SUPPLIED RECORDS:

☆ ☆ ☆ ☆ ☆ ☆ ☆

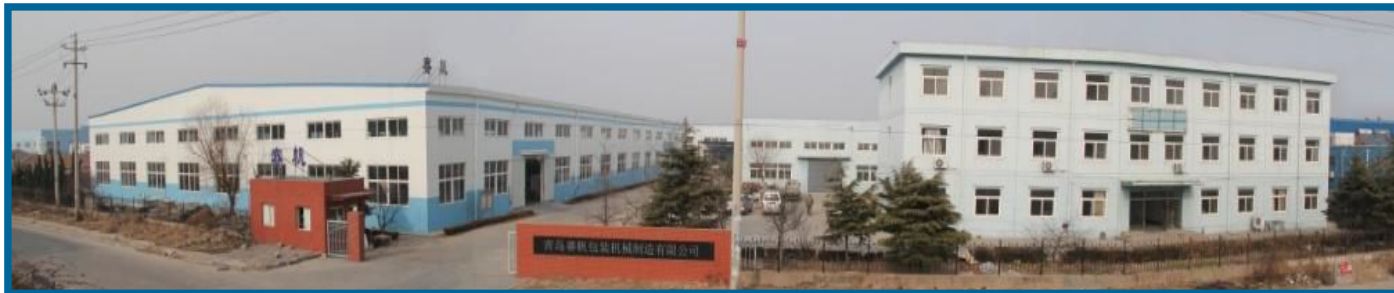
No.2 Factory, 7,000 square meters ,including 4,800 square meters' workshop and 400 square meters' office building

In 2003 , Qingdao SenHao Industry & Trade Co.,Ltd was Founded
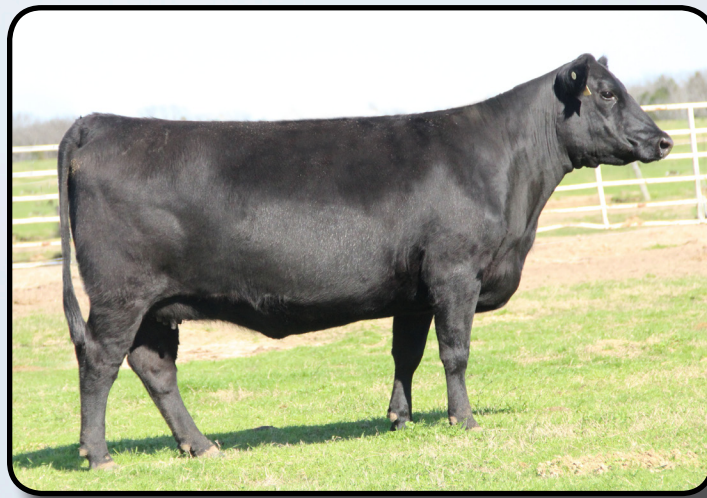
Lesikar Wix A209 • Sells as Lot 24

Bred to Lesikar Rebound X931 on March 4, 2018.
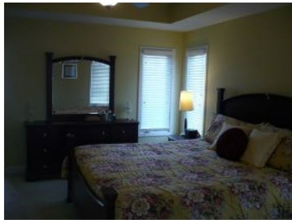
01/10/2011 01:22 PM
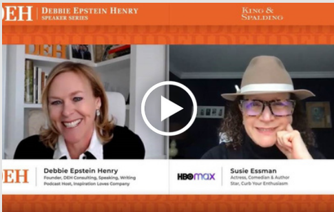
Women & Comedy with Susie Essman
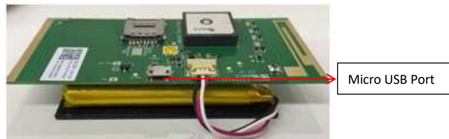
Figure 6. Typical Power Connection

You can configure GL33 with Micro USB cable according to your needs.
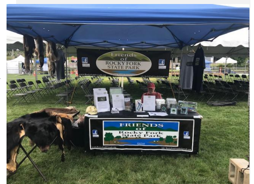
Meet the Mountains Festival

Next Festival: Erwin Apple Festival, Oct 7&8
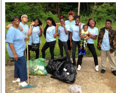
Cleaning up the neighborhood

Sometimes, people, events, and circumstances all converge to make God's plan
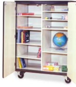
2502 Eight 24"W adjustable steel shelves. Two hinged doors. Cabinet is 48"W x 28"D x 66"H.
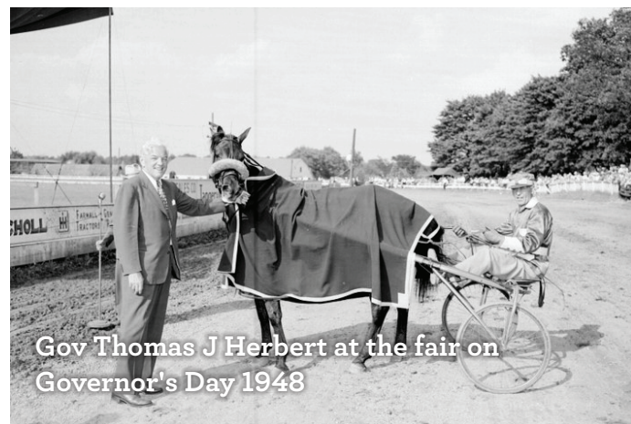
Gov Thomas J Herbert at the fair on Governor's Day 1948
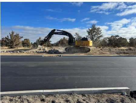
Joint Utility Trench
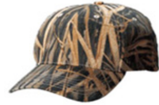
Item: MO12 Shadow Grass
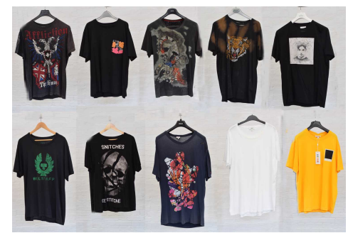
TEN DESIGNER GENTS T-SHIRTS, Ten designer gents t-shirts, to include Belstaff, Lacoste, etc. £20-40

☆ ☆ ☆ ☆ ☆ ☆ ☆

REQUIRED WORK: Here the job is to output the lines from the top of the listing through the line holding "Item: MO12 Shadow Grass", word for word and without pictures.

OUTPUT OF THE TASK:
No.2 Factory, 7,000 square meters ,including 4,800 square meters' workshop and 400 square meters' office building

In 2003 , Qingdao SenHao Industry & Trade Co.,Ltd was Founded
Lesikar Wix A209 • Sells as Lot 24

Bred to Lesikar Rebound X931 on March 4, 2018.
01/10/2011 01:22 PM
Women & Comedy with Susie Essman
Figure 6. Typical Power Connection

You can configure GL33 with Micro USB cable according to your needs.
Meet the Mountains Festival

Next Festival: Erwin Apple Festival, Oct 7&8
Cleaning up the neighborhood

Sometimes, people, events, and circumstances all converge to make God's plan
2502 Eight 24"W adjustable steel shelves. Two hinged doors. Cabinet is 48"W x 28"D x 66"H.
Gov Thomas J Herbert at the fair on Governor's Day 1948
Joint Utility Trench
Item: MO12 Shadow Grass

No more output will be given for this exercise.